* _What to do_: Retype each entry below exactly. Do not carry any image over.

**** Stored data

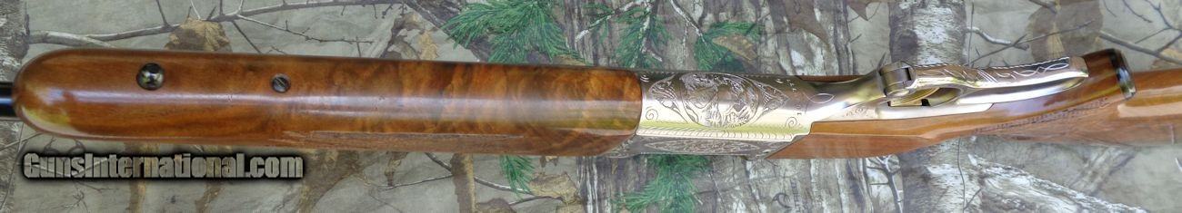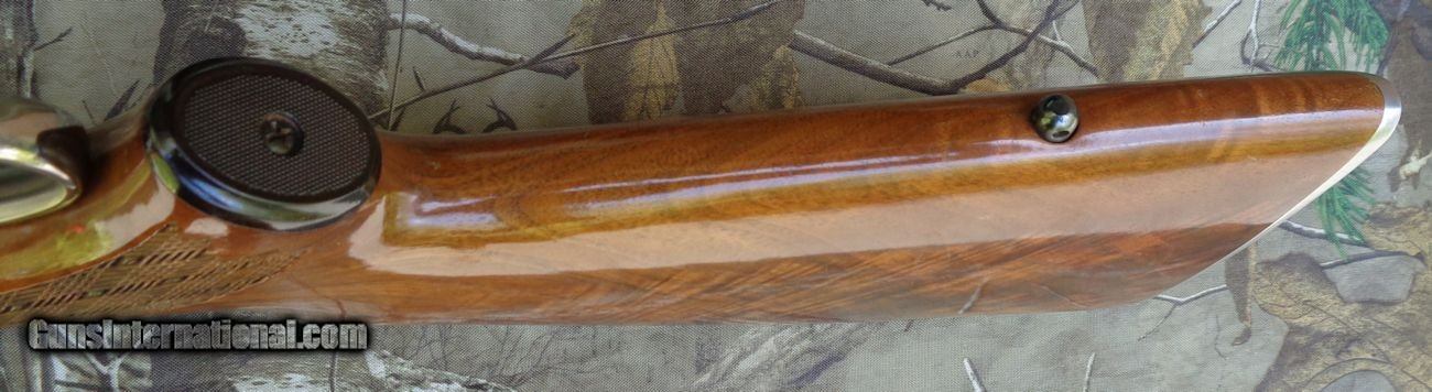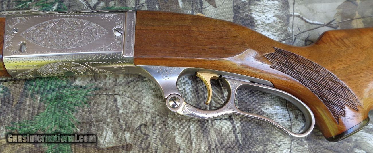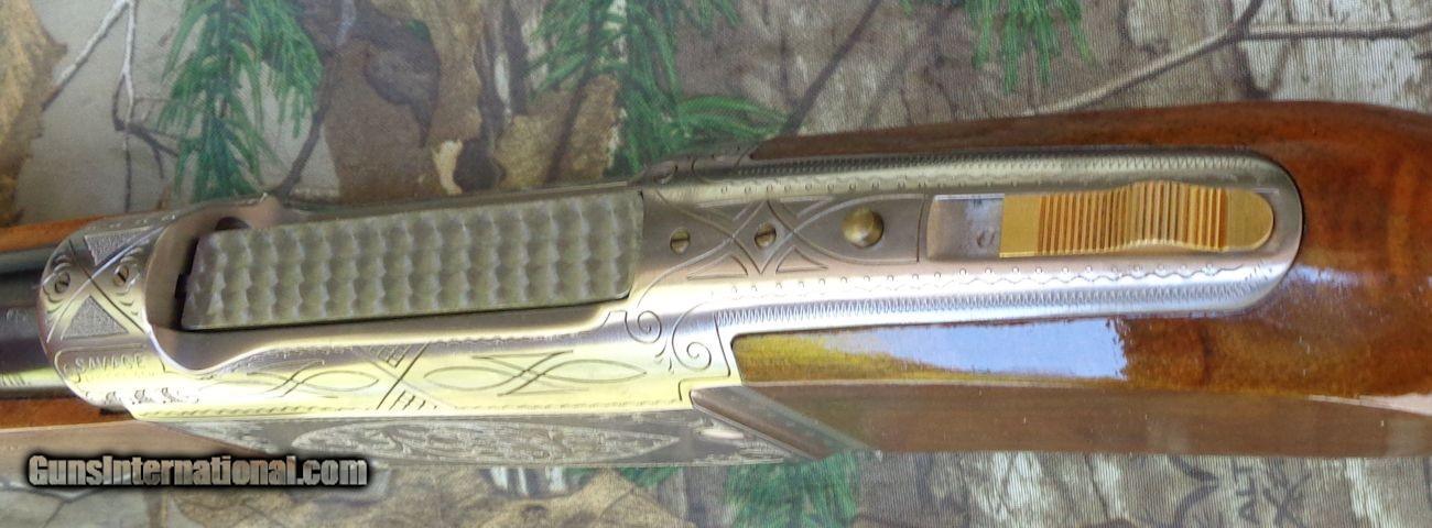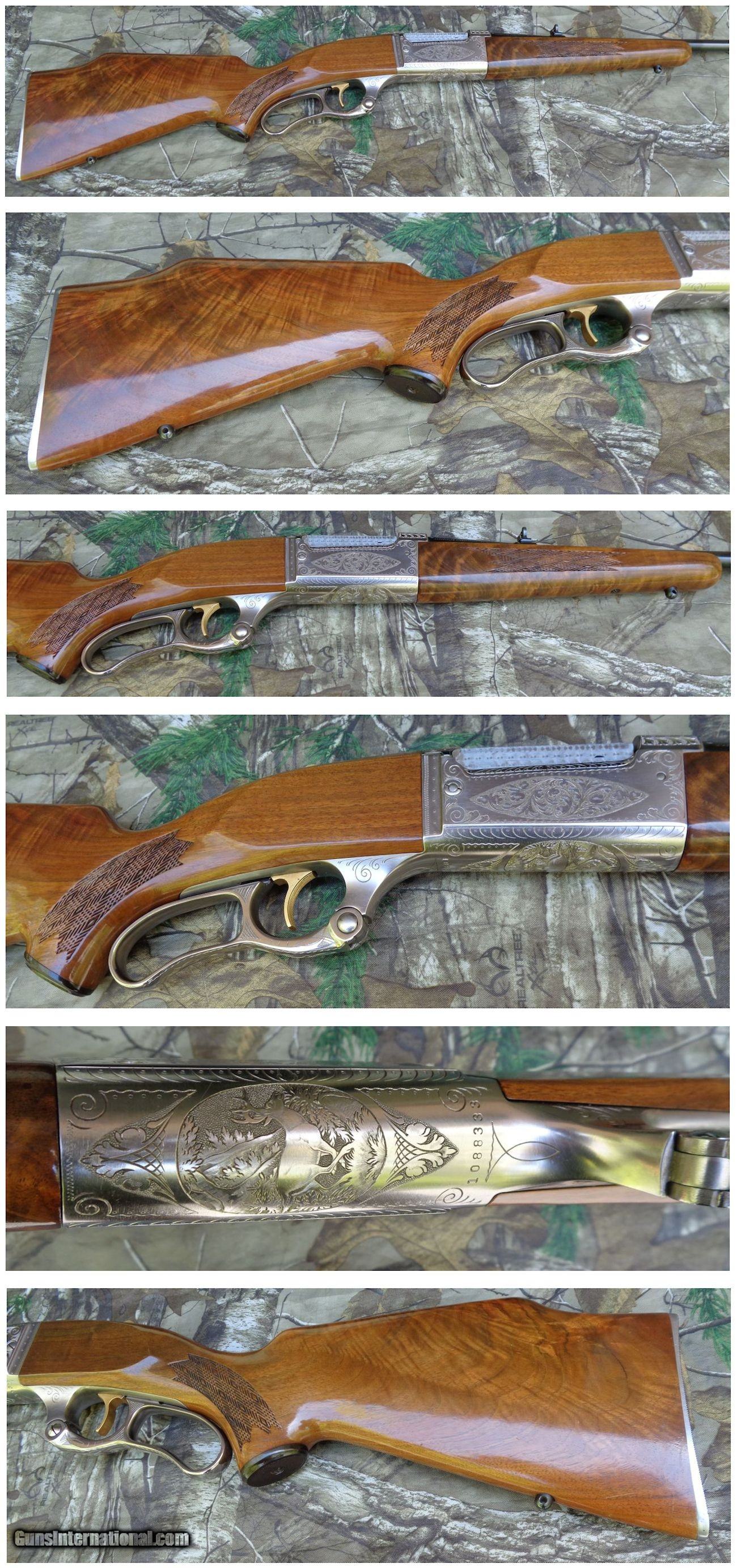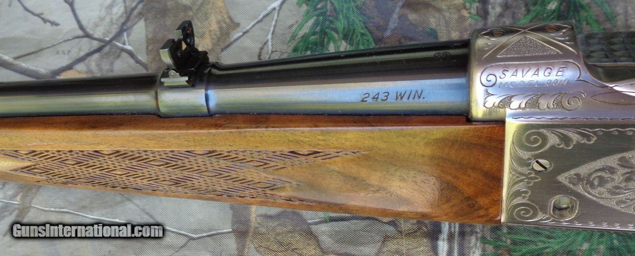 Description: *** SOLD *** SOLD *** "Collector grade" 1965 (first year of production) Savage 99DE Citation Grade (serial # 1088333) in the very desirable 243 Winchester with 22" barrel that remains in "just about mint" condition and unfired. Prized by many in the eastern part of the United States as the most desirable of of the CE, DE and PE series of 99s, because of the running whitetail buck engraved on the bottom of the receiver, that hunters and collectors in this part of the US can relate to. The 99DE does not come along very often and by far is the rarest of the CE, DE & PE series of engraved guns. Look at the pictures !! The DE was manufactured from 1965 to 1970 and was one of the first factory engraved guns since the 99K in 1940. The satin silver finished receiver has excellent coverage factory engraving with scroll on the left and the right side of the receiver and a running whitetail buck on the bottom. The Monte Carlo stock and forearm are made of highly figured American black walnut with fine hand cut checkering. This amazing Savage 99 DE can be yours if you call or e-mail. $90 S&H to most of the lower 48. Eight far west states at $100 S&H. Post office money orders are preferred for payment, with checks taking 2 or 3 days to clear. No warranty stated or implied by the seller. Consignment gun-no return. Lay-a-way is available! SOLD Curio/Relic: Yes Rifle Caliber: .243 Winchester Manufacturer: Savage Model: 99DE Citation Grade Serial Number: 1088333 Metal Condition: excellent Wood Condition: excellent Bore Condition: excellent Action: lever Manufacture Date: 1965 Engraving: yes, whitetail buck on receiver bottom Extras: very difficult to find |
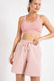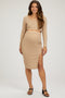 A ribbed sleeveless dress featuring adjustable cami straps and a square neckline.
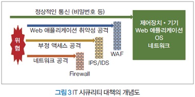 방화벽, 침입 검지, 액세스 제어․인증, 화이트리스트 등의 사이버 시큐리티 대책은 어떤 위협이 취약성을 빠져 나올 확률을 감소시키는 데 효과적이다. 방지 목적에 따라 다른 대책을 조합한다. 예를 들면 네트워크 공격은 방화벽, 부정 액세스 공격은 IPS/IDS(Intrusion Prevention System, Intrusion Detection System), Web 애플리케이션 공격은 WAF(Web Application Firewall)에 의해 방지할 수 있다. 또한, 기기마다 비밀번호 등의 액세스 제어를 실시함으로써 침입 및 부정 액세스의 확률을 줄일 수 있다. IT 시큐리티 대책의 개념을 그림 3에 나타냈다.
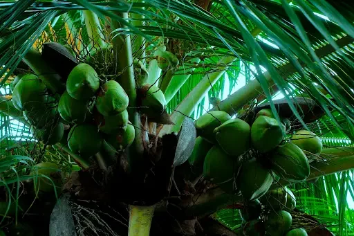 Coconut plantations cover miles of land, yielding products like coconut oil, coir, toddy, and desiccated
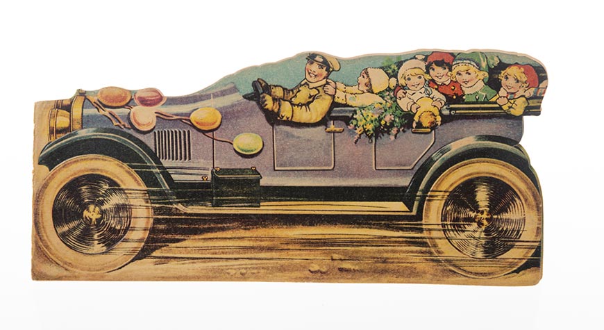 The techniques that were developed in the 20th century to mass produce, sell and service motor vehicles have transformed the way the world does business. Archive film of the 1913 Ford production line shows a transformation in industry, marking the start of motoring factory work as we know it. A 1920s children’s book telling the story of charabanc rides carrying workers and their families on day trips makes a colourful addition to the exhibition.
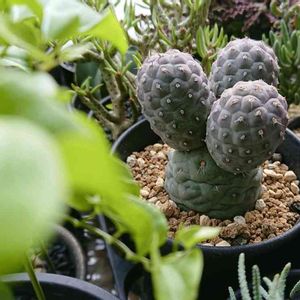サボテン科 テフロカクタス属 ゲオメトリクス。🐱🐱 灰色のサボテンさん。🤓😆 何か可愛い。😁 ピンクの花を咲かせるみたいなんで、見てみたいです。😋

********

* _Response box_:
 Description: *** SOLD *** SOLD *** "Collector grade" 1965 (first year of production) Savage 99DE Citation Grade (serial # 1088333) in the very desirable 243 Winchester with 22" barrel that remains in "just about mint" condition and unfired. Prized by many in the eastern part of the United States as the most desirable of of the CE, DE and PE series of 99s, because of the running whitetail buck engraved on the bottom of the receiver, that hunters and collectors in this part of the US can relate to. The 99DE does not come along very often and by far is the rarest of the CE, DE & PE series of engraved guns. Look at the pictures !! The DE was manufactured from 1965 to 1970 and was one of the first factory engraved guns since the 99K in 1940. The satin silver finished receiver has excellent coverage factory engraving with scroll on the left and the right side of the receiver and a running whitetail buck on the bottom. The Monte Carlo stock and forearm are made of highly figured American black walnut with fine hand cut checkering. This amazing Savage 99 DE can be yours if you call or e-mail. $90 S&H to most of the lower 48. Eight far west states at $100 S&H. Post office money orders are preferred for payment, with checks taking 2 or 3 days to clear. No warranty stated or implied by the seller. Consignment gun-no return. Lay-a-way is available! SOLD Curio/Relic: Yes Rifle Caliber: .243 Winchester Manufacturer: Savage Model: 99DE Citation Grade Serial Number: 1088333 Metal Condition: excellent Wood Condition: excellent Bore Condition: excellent Action: lever Manufacture Date: 1965 Engraving: yes, whitetail buck on receiver bottom Extras: very difficult to find |
 A ribbed sleeveless dress featuring adjustable cami straps and a square neckline.
 방화벽, 침입 검지, 액세스 제어․인증, 화이트리스트 등의 사이버 시큐리티 대책은 어떤 위협이 취약성을 빠져 나올 확률을 감소시키는 데 효과적이다. 방지 목적에 따라 다른 대책을 조합한다. 예를 들면 네트워크 공격은 방화벽, 부정 액세스 공격은 IPS/IDS(Intrusion Prevention System, Intrusion Detection System), Web 애플리케이션 공격은 WAF(Web Application Firewall)에 의해 방지할 수 있다. 또한, 기기마다 비밀번호 등의 액세스 제어를 실시함으로써 침입 및 부정 액세스의 확률을 줄일 수 있다. IT 시큐리티 대책의 개념을 그림 3에 나타냈다.
 Coconut plantations cover miles of land, yielding products like coconut oil, coir, toddy, and desiccated
 The techniques that were developed in the 20th century to mass produce, sell and service motor vehicles have transformed the way the world does business. Archive film of the 1913 Ford production line shows a transformation in industry, marking the start of motoring factory work as we know it. A 1920s children’s book telling the story of charabanc rides carrying workers and their families on day trips makes a colourful addition to the exhibition.
サボテン科 テフロカクタス属 ゲオメトリクス。🐱🐱 灰色のサボテンさん。🤓😆 何か可愛い。😁 ピンクの花を咲かせるみたいなんで、見てみたいです。😋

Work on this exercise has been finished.